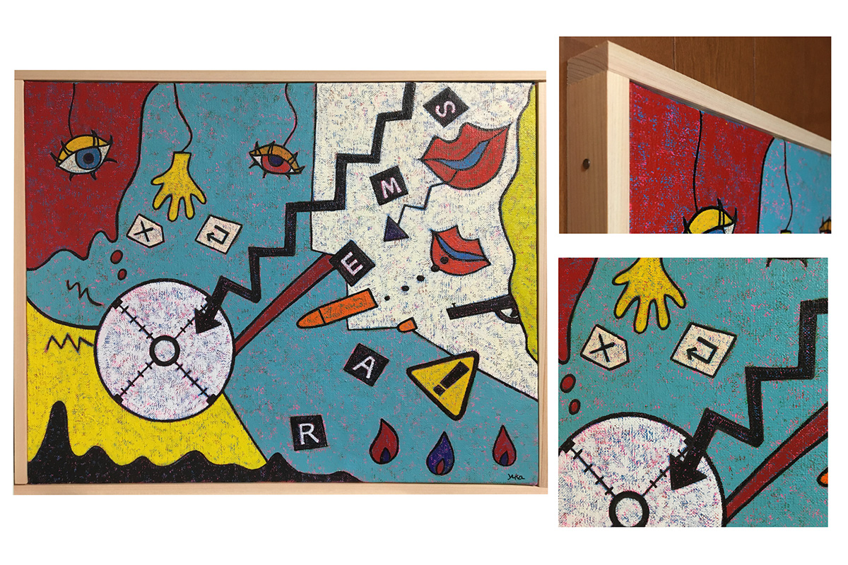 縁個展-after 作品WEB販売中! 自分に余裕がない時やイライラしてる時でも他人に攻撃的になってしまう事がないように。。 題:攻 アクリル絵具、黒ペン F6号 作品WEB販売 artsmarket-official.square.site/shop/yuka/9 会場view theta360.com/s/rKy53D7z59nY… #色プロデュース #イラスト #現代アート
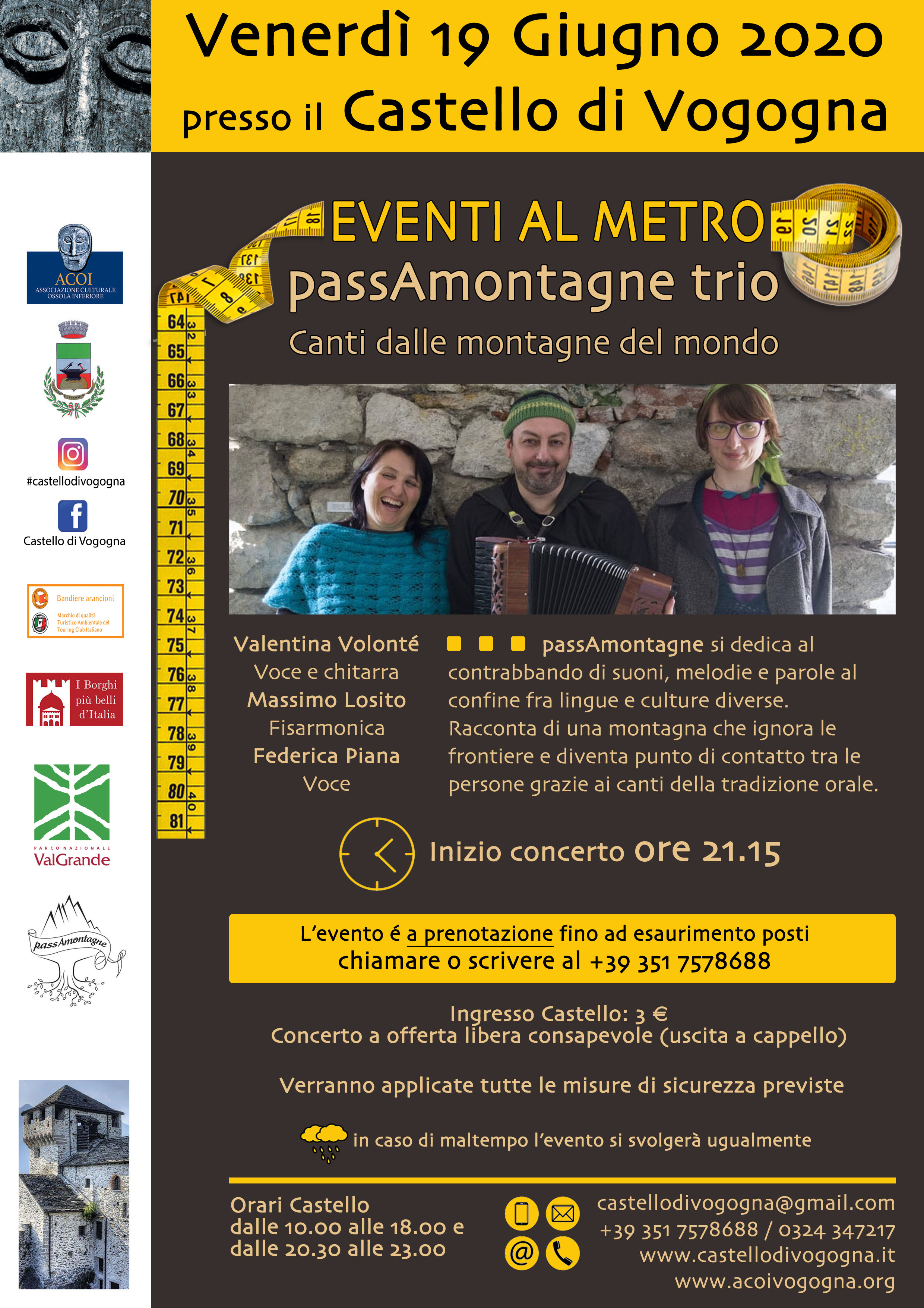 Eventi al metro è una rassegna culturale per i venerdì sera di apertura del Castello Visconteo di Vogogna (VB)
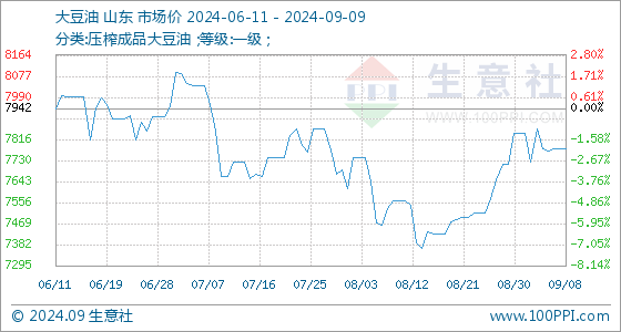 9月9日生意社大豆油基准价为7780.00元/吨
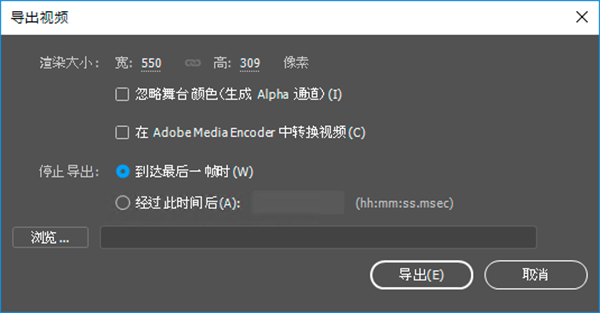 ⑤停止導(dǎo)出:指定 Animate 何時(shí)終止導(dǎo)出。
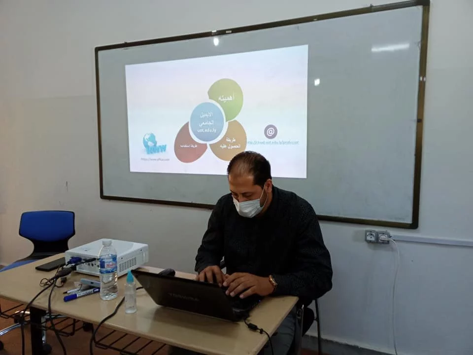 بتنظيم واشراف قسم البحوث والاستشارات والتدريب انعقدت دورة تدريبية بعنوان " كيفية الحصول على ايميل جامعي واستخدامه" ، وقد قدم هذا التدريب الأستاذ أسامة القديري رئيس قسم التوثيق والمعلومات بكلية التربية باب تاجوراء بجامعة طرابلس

#### [Task requirements]
Repeat the listing verbatim, pictures excluded.

#### [Result of the task]
 縁個展-after 作品WEB販売中! 自分に余裕がない時やイライラしてる時でも他人に攻撃的になってしまう事がないように。。 題:攻 アクリル絵具、黒ペン F6号 作品WEB販売 artsmarket-official.square.site/shop/yuka/9 会場view theta360.com/s/rKy53D7z59nY… #色プロデュース #イラスト #現代アート
 Eventi al metro è una rassegna culturale per i venerdì sera di apertura del Castello Visconteo di Vogogna (VB)
 9月9日生意社大豆油基准价为7780.00元/吨
 ⑤停止導(dǎo)出:指定 Animate 何時(shí)終止導(dǎo)出。
 بتنظيم واشراف قسم البحوث والاستشارات والتدريب انعقدت دورة تدريبية بعنوان " كيفية الحصول على ايميل جامعي واستخدامه" ، وقد قدم هذا التدريب الأستاذ أسامة القديري رئيس قسم التوثيق والمعلومات بكلية التربية باب تاجوراء بجامعة طرابلس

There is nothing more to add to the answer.